The valley surges upwards then: sirens blaring suddenly from the parking lot and a scramble for movement in the lethargic office. 

It emphasizes their stillness. Set off by the sweep of bodies down the halls, the seclusion of them is held carefully in the contrast of his gentle fingers against the exquisite violence of her spine. Her head is bent against his chest as if in prayer and up, up and all around them, the tide swells in with a press of sirens and light. 

In the middle of it, black on white, they are building their own quiet. 

Mulder starts and finishes with her name. 

"Scully," he says, like he does when she's shocked all the sarcasm and humor out of his voice and left him absolutely bare. She's never heard him say it like that under fluorescent light before. 

"What?" she whispers. 

"I am not afraid of you." She shakes her head. "You don't have to be forgiven." 

She thinks of Skinner in the front seat of the car and starts to protest. You didn't do anything wrong, Agent.

"But if it matters, I do forgive you.
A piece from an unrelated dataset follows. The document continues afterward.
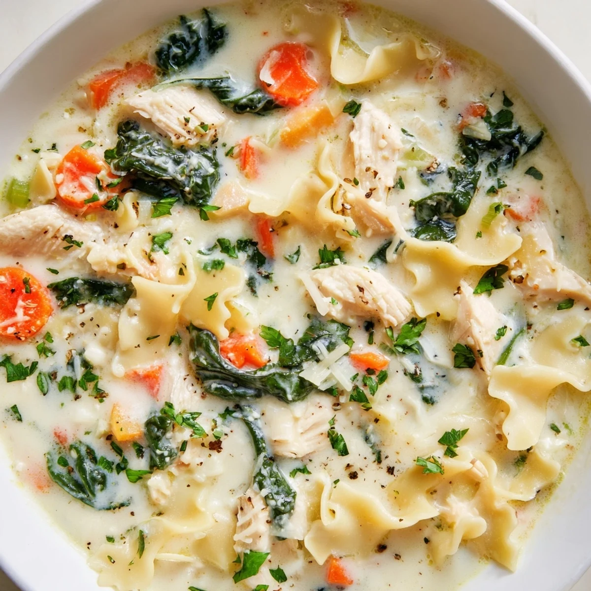 This rich, satisfying soup captures all the comforting flavors of classic white lasagna in an easy one-pot format. Tender pieces of chicken simmer alongside broken lasagna noodles in a fragrant broth, while fresh spinach adds color and nutrition. The finishing touch comes from a luxurious blend of ricotta, mozzarella, and Parmesan that melts into the hot broth, creating a velvety, cheesy texture. With aromatics like onion, garlic, carrots, and celery, plus Italian herbs and a hint of red pepper flakes, this soup delivers layers of flavor in every spoonful.

I do." 

She shakes her head again, mostly to free lingering tears from the corners of her eyes. "Mulder," she starts and he cuts her off, lowering his voice. 

What made me pull the trigger? she'd asked him, earlier, and already known the answer. It sounds gentler in Mulder's voice. 
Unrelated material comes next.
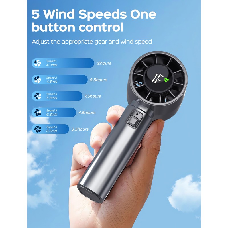- Digital Display - Wind Speed & Battery Reminder: This portable fan is equipped with a high-definition digital display that can show the current wind speed and charging progress. Therefore, you can plan your charging schedule for the handheld fan before traveling. Ensure that you have a cool companion for every trip.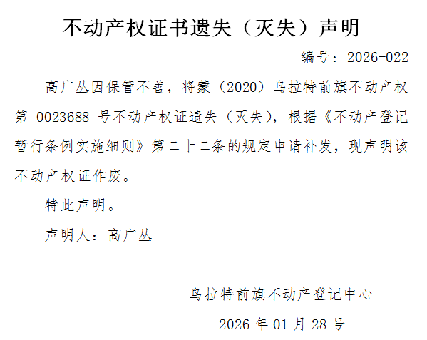 高广丛不动产权证书遗失(灭失)声明

"It was you, Scully." He reaches to touch her but stops himself at the last moment. The air at her cheek goes warm with the ghost of his movement. And then he's answering another question that she hasn't be able to ask, voice lower still. "It's still just you. It's always going to be you."

Her hands shake. That's what she was afraid of, and wasn't at the same time. Your honor, but I love her, was not a defense that held up well in a murder trial. There wasn't going to be a trial, though, and if it wouldn't hold up in court it might hold up here, in a fluorescent hallway, in Mulder's jacket, everything softened by his voice. 

"Okay, Scully? Please." 

She still hasn't looked up at him and when she does she thinks, oh. Just oh, like blinking against feared light and finding it warm instead of burning. Something sparks, flint on stone. Oh. She looks up at him and is half-sure she shakes. 

She raises her hands just slightly at her sides, palms up to shrug off an answer and await benediction. He does not stop her motion. He is close enough to touch but lets her reach.

This is a choice. She's going to tell him about the outline of light, about Sunday school and her dangerous hands. About feeling good. She expects he already knows. This is a choice. This is her making it. Her fingers brush just the barest edges of him, learning his outline. 

This is a choice. This is still just her choosing. She touches him, just barely, and he closes his eyes. 

Yes, she decides, her palm catching the pulse of his heart. Yes, yes.